Indication of yield: []]
(iii) CUSIP: []
[Not Applicable/[]]
U.S. Selling Restrictions: [Regulation S Category 2/Rule 144A/TEFRA D/TEFRA C/TEFRA not applicable]
Annex to Final Terms
Summary of the Notes
[]
BOOK-ENTRY CLEARANCE SYSTEMS
The following is a summary of clearing and settlement when interests in the Notes are held through Book-Entry Clearance Systems.
All references to the relevant Issuer are to ICAP plc (ICAP) or ICAP Group Holdings plc (IGHP), as the case may be, who are the principal debtors in relation to the Programme and issuers of the Notes under it and references to Issuers or Obligors shall mean both of them.

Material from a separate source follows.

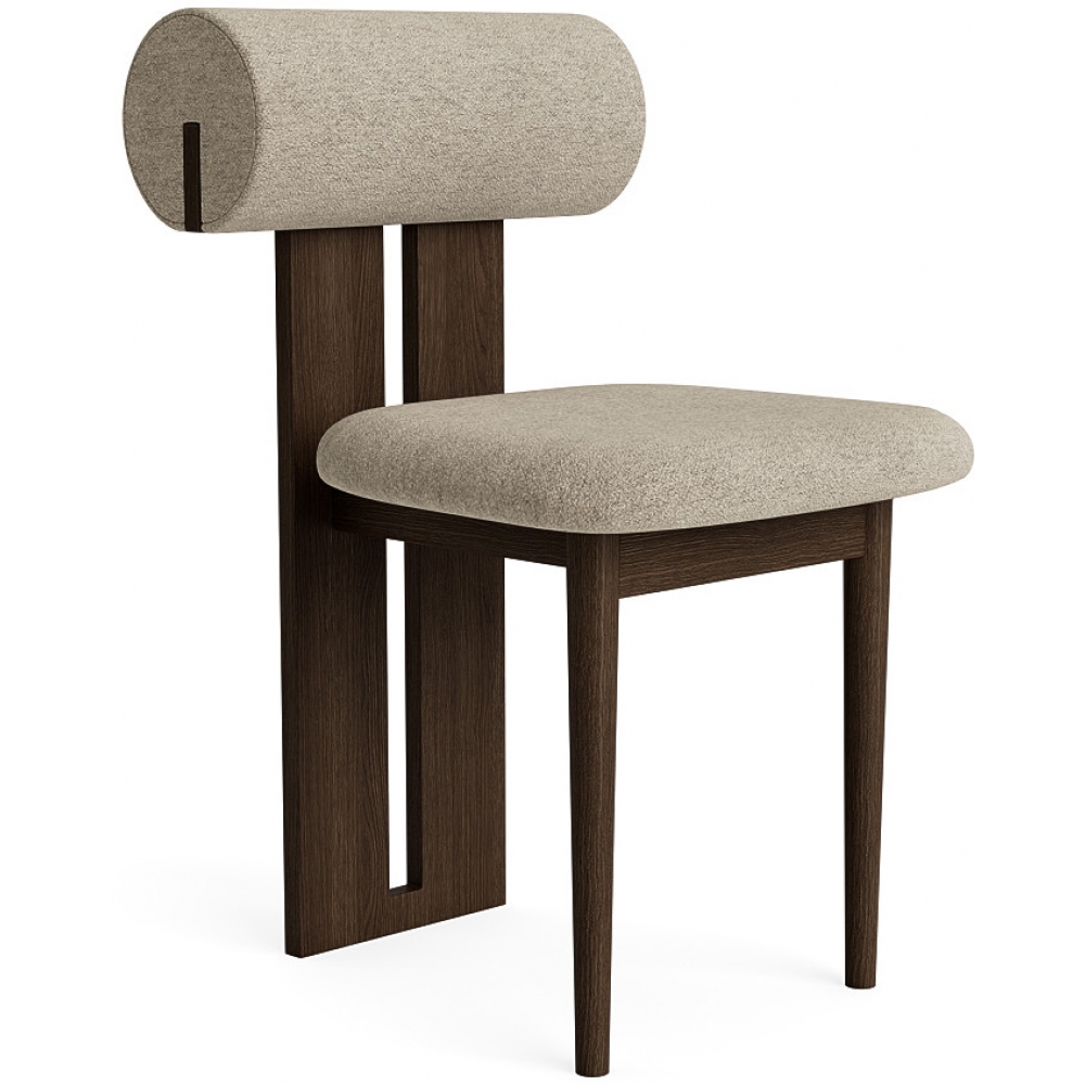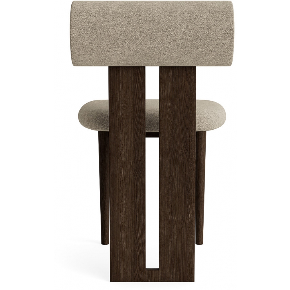 Inspiriert von den Formen der 70er Jahre, aber für einen modernen Lebensstil entworfen, zeichnet sich Hippo durch sein freigeistiges Design aus. Die abgerundete Rückenlehne des Stuhls lädt zu einer freieren Sitzposition ein, in der Sie Ihren Rücken oder Arm bequem ablegen können. Der Hippo Chair | Full Upholstery ruht auf zwei stabilen Holzbeinen, die Sitz und Rücken nahtlos miteinander verbinden. Das markante Holzprofil wirkt wie ein fast architektonisches Element, das in starkem Kontrast zu der abgerundeten, weichen Rückenlehne und Sitzfläche steht.

The information set out below is subject to any change in or reinterpretation of the rules, regulations and procedures of the Depository Trust Company (DTC), Euroclear, Clearstream, Luxembourg or CREST (together, the Clearing Systems) currently in effect. Investors wishing to use the facilities of any of the Clearing Systems are advised to confirm the continued applicability of the rules, regulations and procedures of the relevant Clearing System. None of the Obligors, the Dealers, BNY Mellon Corporate Trustee Services Limited (the Trustee) and any other party to the Agency Agreement will have any responsibility or liability for any aspect of the records relating to, or payments made on account of, beneficial ownership interests in the Notes or, in the case of CREST only, CDIs held through the facilities of any Clearing System or for maintaining, supervising or reviewing any records relating to such beneficial ownership interests.

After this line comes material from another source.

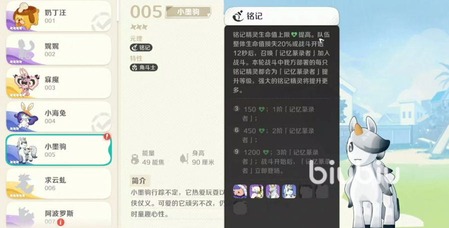 在阵容搭配方面,若选择以铭记体系为核心,小墨驹的协同效果将更为明显。目前游戏中铭记类精灵数量较多,当队伍中有三只铭记精灵同时上场时,全队可获得总计150点血量提升,整体生存能力得到保障。推荐与其组队的精灵包括睡魔、框框蛇、银盐龟,这些组合不仅契合前期节奏,也能有效激活羁绊收益。

DTC has advised the Obligors that it is a limited purpose trust company organised under the New York Banking Law, a "banking organisation" within the meaning of the New York Banking Law, a "clearing corporation" within the meaning of the New York Uniform Commercial Code and a "clearing agency" registered pursuant to Section 17A of the Exchange Act. DTC holds securities that its participants (Participants) deposit with DTC. DTC also facilitates the settlement among Participants of securities transactions, such as transfers and pledges, in deposited securities through electronic computerised book-entry changes in Participants' accounts, thereby eliminating the need for physical movement of securities certificates. Direct Participants include securities brokers and dealers, banks, trust companies, clearing corporations and certain other organisations. DTC is owned by a number of its Direct Participants and by the New York Stock Exchange, Inc., the American Stock Exchange, Inc. and the National Association of Securities Dealers, Inc. Access to the DTC System is also available to others such as securities brokers and dealers, banks and trust companies that clear through or maintain a custodial relationship with a Direct Participant, either directly or indirectly (Indirect Participants).

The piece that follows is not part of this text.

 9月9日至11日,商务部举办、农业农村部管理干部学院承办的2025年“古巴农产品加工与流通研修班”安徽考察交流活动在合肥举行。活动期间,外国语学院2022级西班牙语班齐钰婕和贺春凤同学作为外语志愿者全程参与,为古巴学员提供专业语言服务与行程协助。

Under the rules, regulations and procedures creating and affecting DTC and its operations (the Rules), DTC makes book-entry transfers of Registered Notes among Direct Participants on whose behalf it acts with respect to Notes accepted into DTC's book-entry settlement system (DTC Notes) as described below and receives and transmits distributions of principal and interest on DTC Notes. The Rules are on file with the Securities and Exchange Commission. Direct Participants and Indirect Participants with which beneficial owners of DTC Notes (Owners) have accounts with respect to the DTC Notes similarly are required to make book-entry transfers and receive and transmit such payments on behalf of their respective Owners. Accordingly, although Owners who hold DTC Notes through Direct Participants or Indirect Participants will not possess Registered Notes, the Rules, by virtue of the requirements described above, provide a mechanism by which Direct Participants will receive payments and will be able to transfer their interest in respect of the DTC Notes.
Purchases of DTC Notes under the DTC system must be made by or through Direct Participants, which will receive a credit for the DTC Notes on DTC's records. The ownership interest of each actual purchaser of each DTC Note (Beneficial Owner) is in turn to be recorded on the Direct and Indirect Participant's records. Beneficial Owners will not receive written confirmation from DTC of their purchase, but Beneficial Owners are expected to receive written confirmations providing details of the transaction,
as well as periodic statements of their holdings, from the Direct or Indirect Participant through which the Beneficial Owner entered into the transaction. Transfers of ownership interests in the DTC Notes are to be accomplished by entries made on the books of Participants acting on behalf of Beneficial Owners. Beneficial Owners will not receive certificates representing their ownership interests in DTC Notes, except in the event that use of the book-entry system for the DTC Notes is discontinued.
To facilitate subsequent transfers, all DTC Notes deposited by Participants with DTC are registered in the name of DTC's partnership nominee, Cede & Co. The deposit of DTC Notes with DTC and their registration in the name of Cede & Co. effect no change in beneficial ownership. DTC has no knowledge of the actual Beneficial Owners of the DTC Notes; DTC's records reflect only the identity of the Direct Participants to whose accounts such DTC Notes are credited, which may or may not be the Beneficial Owners. The Participants will remain responsible for keeping account of their holdings on behalf of their customers.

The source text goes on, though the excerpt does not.